### Material for the task
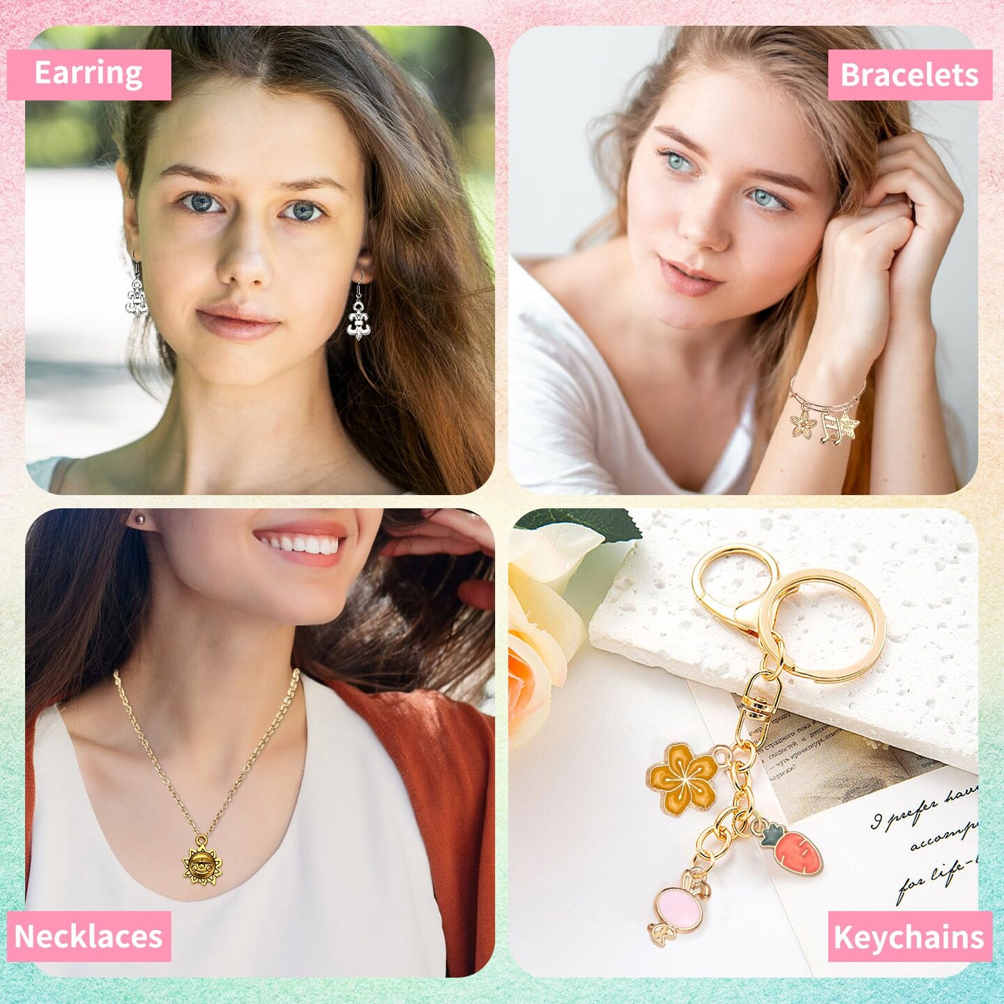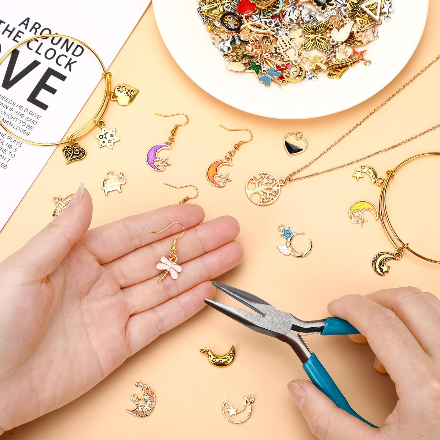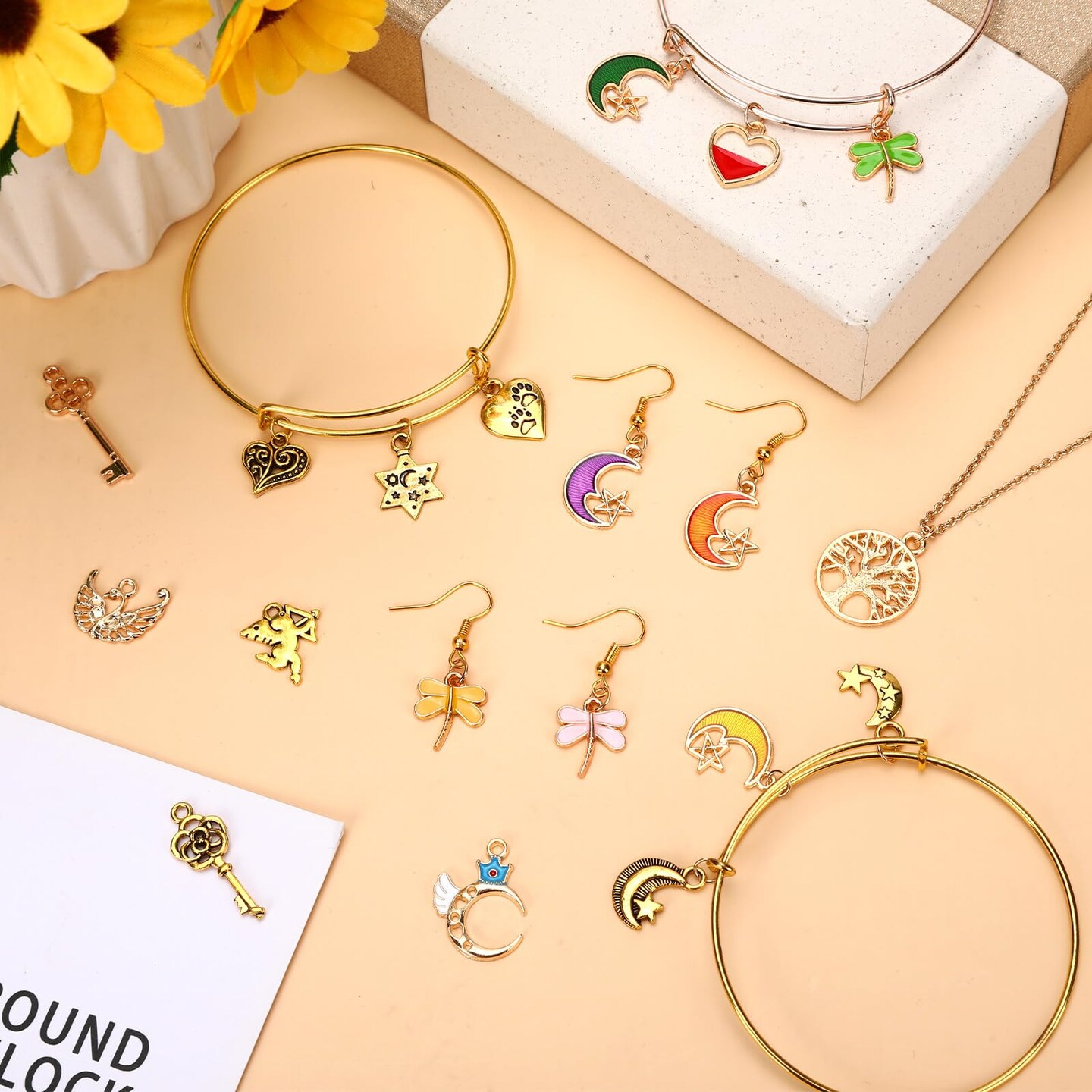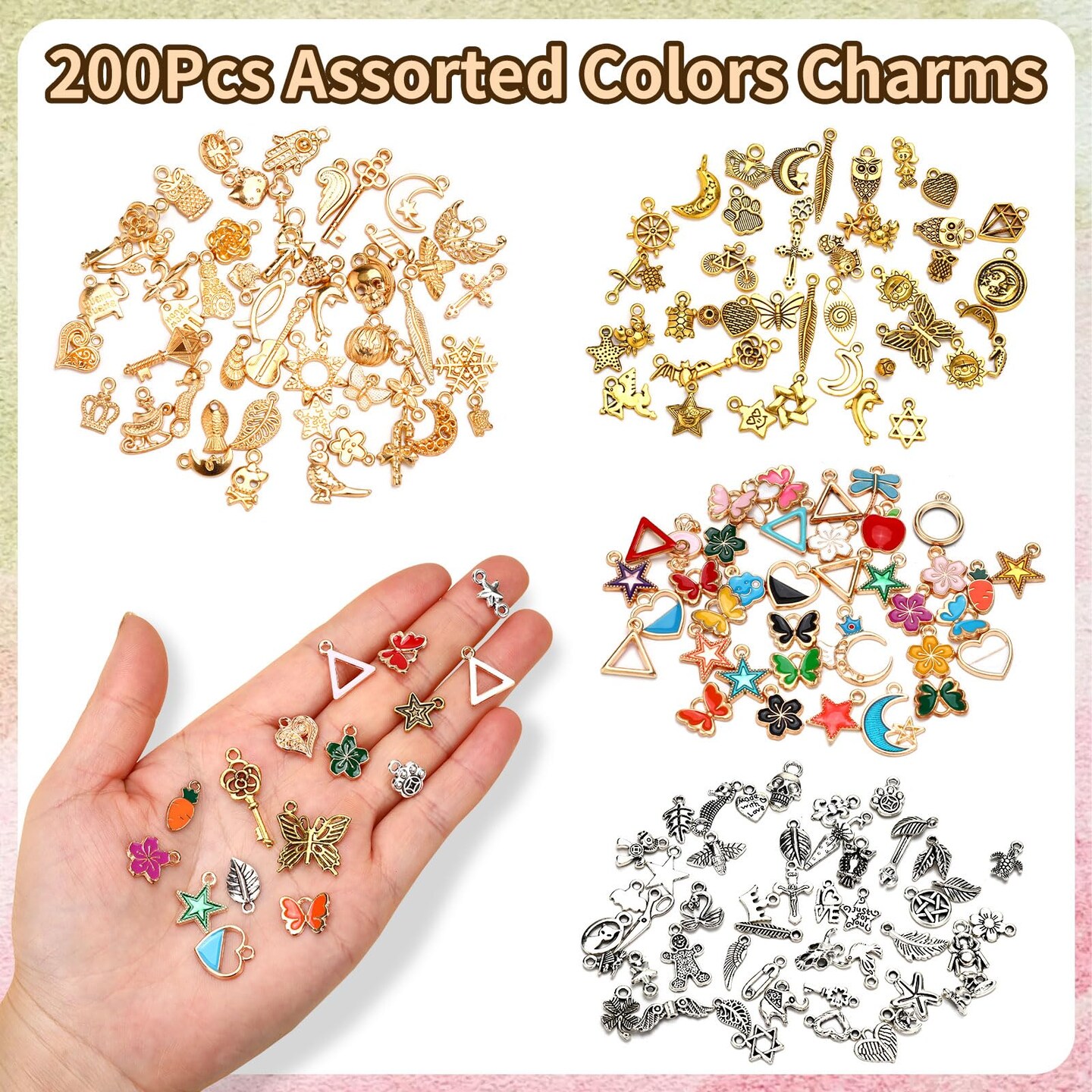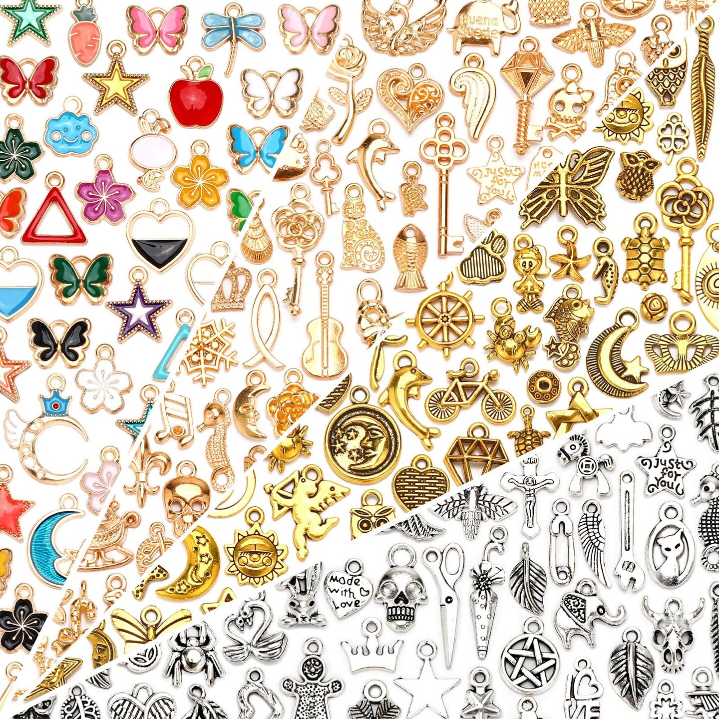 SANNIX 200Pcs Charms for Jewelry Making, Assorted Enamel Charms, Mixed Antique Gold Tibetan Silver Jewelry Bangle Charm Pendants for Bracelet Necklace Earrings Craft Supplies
...
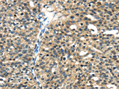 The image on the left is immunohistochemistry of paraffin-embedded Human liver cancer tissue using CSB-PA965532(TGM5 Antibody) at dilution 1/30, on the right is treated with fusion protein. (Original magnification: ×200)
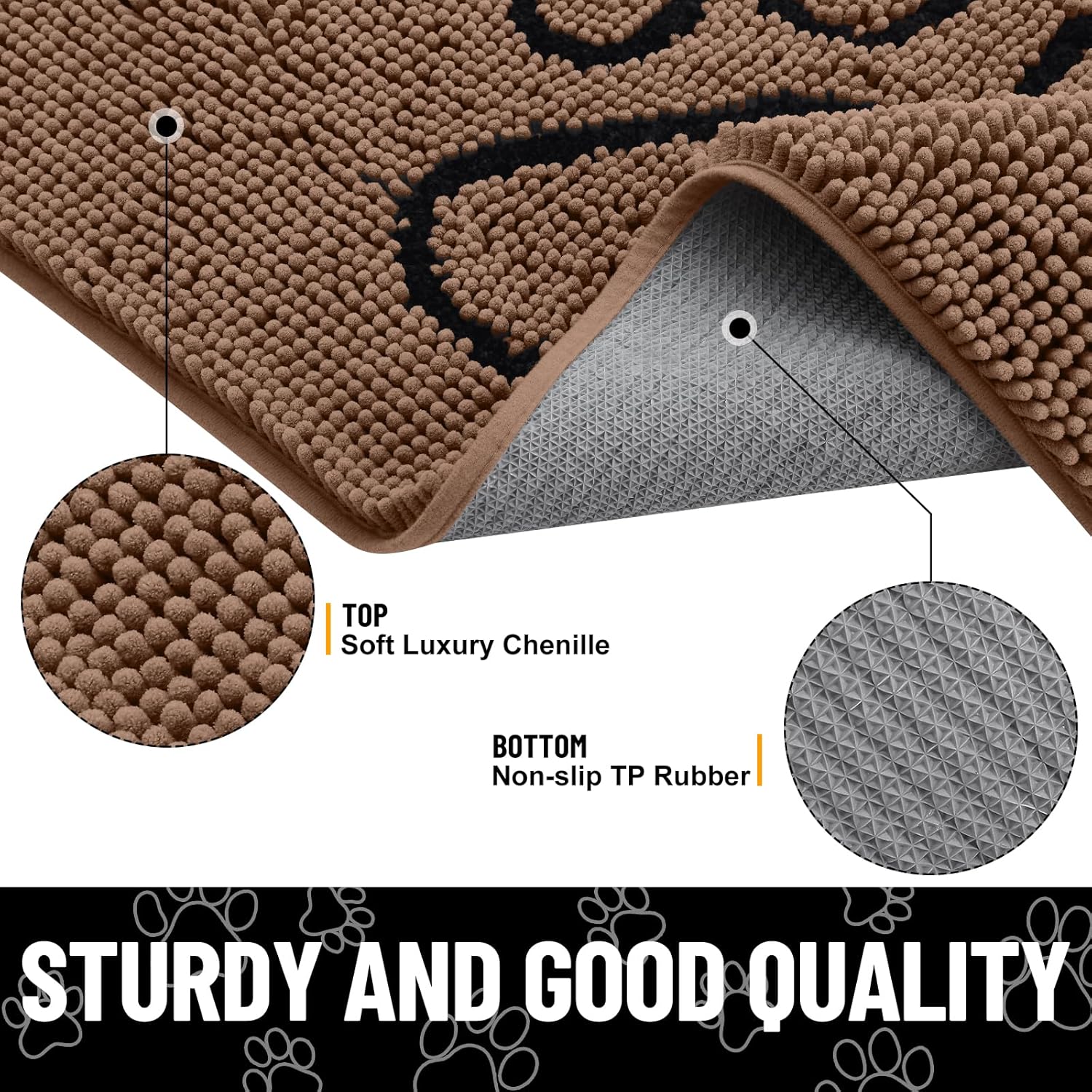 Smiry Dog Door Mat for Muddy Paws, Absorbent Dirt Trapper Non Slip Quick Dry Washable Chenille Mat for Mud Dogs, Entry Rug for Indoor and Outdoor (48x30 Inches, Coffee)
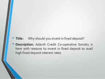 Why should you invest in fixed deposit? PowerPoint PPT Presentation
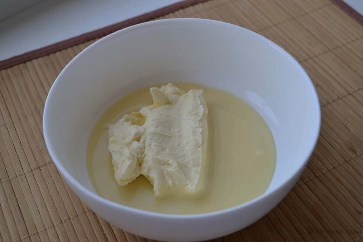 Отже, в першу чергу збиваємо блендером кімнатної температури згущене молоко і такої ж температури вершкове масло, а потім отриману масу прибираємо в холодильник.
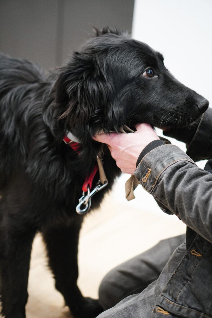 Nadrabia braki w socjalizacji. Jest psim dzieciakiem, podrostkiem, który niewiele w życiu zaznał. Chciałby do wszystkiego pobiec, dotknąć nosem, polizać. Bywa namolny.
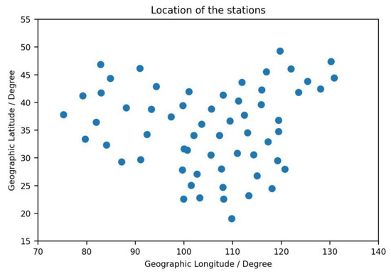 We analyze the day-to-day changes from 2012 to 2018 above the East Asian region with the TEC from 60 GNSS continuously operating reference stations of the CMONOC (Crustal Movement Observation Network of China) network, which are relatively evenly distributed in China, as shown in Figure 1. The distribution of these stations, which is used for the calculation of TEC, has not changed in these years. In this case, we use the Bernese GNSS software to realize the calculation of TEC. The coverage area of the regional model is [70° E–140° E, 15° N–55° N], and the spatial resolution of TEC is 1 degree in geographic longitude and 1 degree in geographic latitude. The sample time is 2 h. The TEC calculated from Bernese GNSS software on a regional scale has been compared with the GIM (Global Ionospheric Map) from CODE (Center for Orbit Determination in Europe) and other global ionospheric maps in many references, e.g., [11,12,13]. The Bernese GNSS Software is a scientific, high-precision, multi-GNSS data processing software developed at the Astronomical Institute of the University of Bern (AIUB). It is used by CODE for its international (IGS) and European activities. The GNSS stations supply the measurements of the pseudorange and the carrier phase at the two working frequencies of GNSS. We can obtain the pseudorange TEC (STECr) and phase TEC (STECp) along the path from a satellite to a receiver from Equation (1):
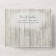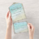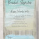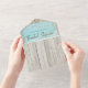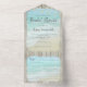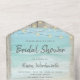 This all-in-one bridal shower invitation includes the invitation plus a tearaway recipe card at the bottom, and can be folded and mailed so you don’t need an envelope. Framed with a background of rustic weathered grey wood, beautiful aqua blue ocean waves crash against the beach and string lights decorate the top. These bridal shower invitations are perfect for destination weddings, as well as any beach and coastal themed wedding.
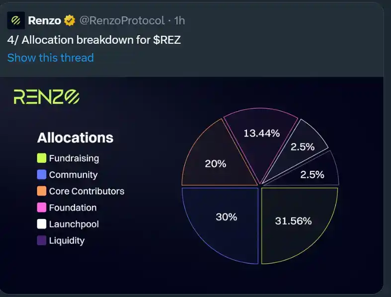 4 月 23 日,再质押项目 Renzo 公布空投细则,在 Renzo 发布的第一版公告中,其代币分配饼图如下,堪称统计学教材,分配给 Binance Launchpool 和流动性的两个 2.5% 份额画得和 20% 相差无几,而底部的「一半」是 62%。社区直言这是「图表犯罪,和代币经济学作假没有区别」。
---
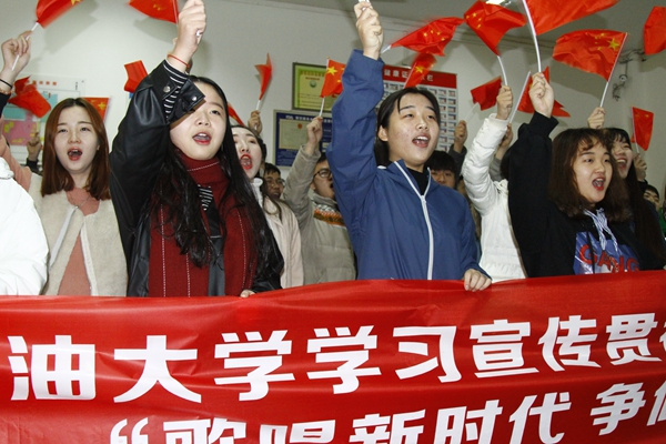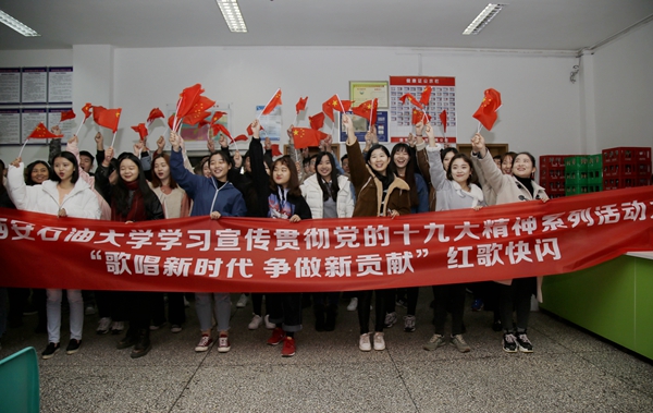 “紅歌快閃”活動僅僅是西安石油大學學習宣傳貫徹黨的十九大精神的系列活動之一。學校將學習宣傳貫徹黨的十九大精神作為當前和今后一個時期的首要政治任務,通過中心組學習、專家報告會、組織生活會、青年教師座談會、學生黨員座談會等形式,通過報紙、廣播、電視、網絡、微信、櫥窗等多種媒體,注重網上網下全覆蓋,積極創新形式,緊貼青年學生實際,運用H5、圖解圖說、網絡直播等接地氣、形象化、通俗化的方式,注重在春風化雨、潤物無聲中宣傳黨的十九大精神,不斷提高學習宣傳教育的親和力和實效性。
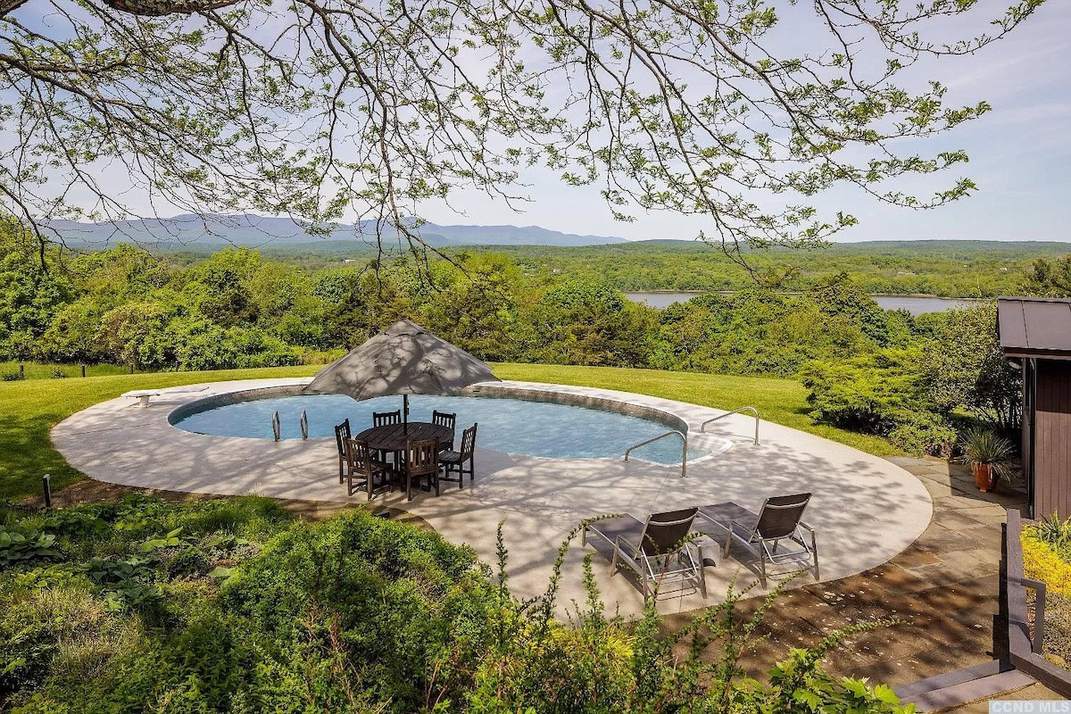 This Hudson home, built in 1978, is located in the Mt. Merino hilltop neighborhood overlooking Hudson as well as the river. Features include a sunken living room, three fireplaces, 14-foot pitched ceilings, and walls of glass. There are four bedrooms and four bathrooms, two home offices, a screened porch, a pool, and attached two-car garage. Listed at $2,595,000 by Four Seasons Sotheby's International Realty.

### What this task involves
Because only one stretch of the records is wanted, please output the lines from the one holding "Отже, в першу" through the one holding "Nadrabia braki w" exactly, both included, and leave every picture out.

### Solution to the problem
 Отже, в першу чергу збиваємо блендером кімнатної температури згущене молоко і такої ж температури вершкове масло, а потім отриману масу прибираємо в холодильник.
 Nadrabia braki w socjalizacji. Jest psim dzieciakiem, podrostkiem, który niewiele w życiu zaznał. Chciałby do wszystkiego pobiec, dotknąć nosem, polizać. Bywa namolny.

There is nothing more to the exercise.